Once thought of as a lofty concept only seen in spy series like James Bond, biometrics, the measurement and analysis of unique physical characteristics for security purposes, has been gaining traction in the field of technology (particularly in mobile devices).
Biometric technology has been seeping its way into the digital technology world for years, gradually trickling down and reaching consumers. Technologies such as retinal scanning, often initially used by security firms as authentication methods for gaining access to data, have made their way into the hands of consumers through devices such as the recently-released Microsoft Lumia 950 and Lumia 905 XL.
Apple’s Touch ID technology (a capacitance fingerprint sensor embedded within the home button of Apple products such as iPhone and iPad devices manufactured during or after 2013) allows users to use fingerprint authentication to unlock their device, make purchases in the iTunes and App Store, and forgo using their password to login to specific apps such as mobile banking. Touch ID is also being suggested for use in multi-method authentication for identity verification when making major changes to software on the device, such as updating, downgrading or factory resetting the operating system.

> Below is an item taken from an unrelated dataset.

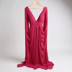 Mac Duggal Ieena Maxi Evening Gown Dress Sz 4 Lowcut Hot Pink Ethereal Goddess

Touch ID has received criticism about the easy ability for fingerprints to be spoofed or falsified by hackers trying to gain access to a device, though security and verification has improved over the years since capacitive fingerprint identification methods have been introduced.
Another form of biometric recognition and authentication technology, voice recognition, has been used for years in everything from automotive manufacturing and development (e.g. in-car systems such as OnStar) to mobile devices (such as Apple’s Siri or Microsoft’s Cortana) to hands-free computing (as used heavily in accessibility devices in the healthcare field).
Google recently opened up their speech recognition API technology to third-party developers, directly entering into competition with Nuance and other voice recognition technology companies. Google Cloud Speech API recognizes over 80 languages in real-time or batch mode, allowing software developers to implement speech-to-text uses in their programs, and additionally use real-time translation, allowing for wider ranges of communication between users. This API release will undoubtedly affect Nuance, often thought of as the spearhead company in the voice recognition technology market, and the power behind popular software such as Apple’s digital assistant, Siri.
Facial recognition technology has also recently been emerging in marketing technology, specifically in the use of the popularized “selfie”. Large-scale companies such as Amazon and Alibaba are beginning to open the gates to technology that will allow customers to make payment for items or verify identity for account information using something as simple as a real-time photo of the user’s face.
Mastercard, in collaboration with Bank of Montreal, has recently introduced methods of facial recognition technology to authenticate users for use in mobile banking. Informally known as “selfie pay”, BMO corporate users have been approved for use with this technology, and it will soon be opened up to the general banking public for widespread use.
This recognition goes hand-in-hand with the already widespread MasterPass authentication, which utilizes fingerprint recognition among other security methods. One of the challenges to this type of biometric authentication is technology’s ability to detect liveness- the difference between the ability to authenticate for security purposes with a real-time face or with a photograph. Early prototypes for scanners using facial recognition technology failed introductory testing, susceptible to users holding up a photograph, with improvements being made in more modern pieces (using more layers of authentication methods) of this type of machinery.